Theatre in Wales

Theatre, dance and performance reviews

The Sound of Music

Wales Millennium Centre , Wales Millennium Centre , July 31, 2009
The Sound of Music by Wales Millennium Centre Any performance of The Sound of Music requires three essential ingredients: strong singing, delightful children and a Maria that is capable of supplanting, if only temporarily, Julia Andrews.

Fortunately The Connie Fisher Show, oops, this touring version of The Sound of Music, has all three.

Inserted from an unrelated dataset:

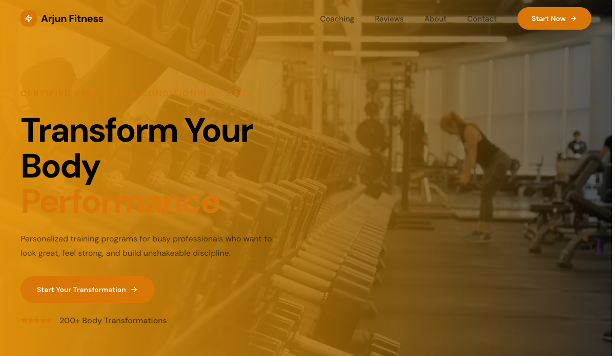 Multi-page gym with virtual tour, programs, trainers, workout videos, blog, and newsletter.
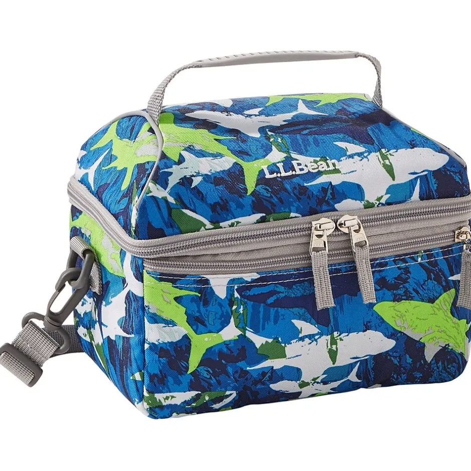 A rugged flip-top lunch box is insulated to keep food and drinks cool. Comes in a larger size for older kids or bigger appetites.

Connie is perfect in the role, both as an actress and singer. At times I did wonder whether if I closed my eyes I would be able to tell this was not actually Julie Andrews, such is her bright, crystal clear voice. Her distinct style sparkles with every note from Richard Rodgers and perfectly pronounces each Oscar Hammerstein lyric.

With Andrew Lloyd Webber in the audience this was the kick off of what is certain to be a hugely successful tour – but one based so much on that leading role.

As a rule I can’t stand awful TV elimination games especially when with this one it was so obvious who would and should win. But our Connie has a platform to show her totally engaging charm and has succeeded in making the role her won, on stage at least.

I actually found her portrayal refreshingly different from the famous film role as slightly more, well, sexy and rather worldlier from glances at the Captain and exchanges with the nuns.

She seems to know what is what rather than just the innocent abroad of the film, although I thought the see through nightie that is produced from her suitcase on the eve of her wedding is a tad too much.

The children were just great. Each one has perfected their character and veered on just the right side of schmaltz.

Margaret Preece sang the show stopper Climb Every Mountain with some restraint rather than bursting our eardrums as so easily could be the case.
The rest of the cast are fine. Michael Praed is, well, Michael Praed. He can carry a tune which helps enormously and his rather wooden acting style fitted the distant character of Captain von Trapp.

Jacinta Mulcahy plays the rejected wealthy Austrian fiancée with finesse and sympathy while Martin Callaghan bounds around in a vaguely amusing way as Max Detweiler.

Jeremy Taylor is a pleasantly voiced Rolf and the duet with Claire Fishenden as Liesl is prettily done.

Jeremy Sams's production tries not to go over the top in kitsch and is instead rather restrained and basic in this touring show which gives the characters the stage.

I hope to go back to see the show again ‘cos I loved it and to see how Kirsty Malpass fares in the lead role on Connie’s days off.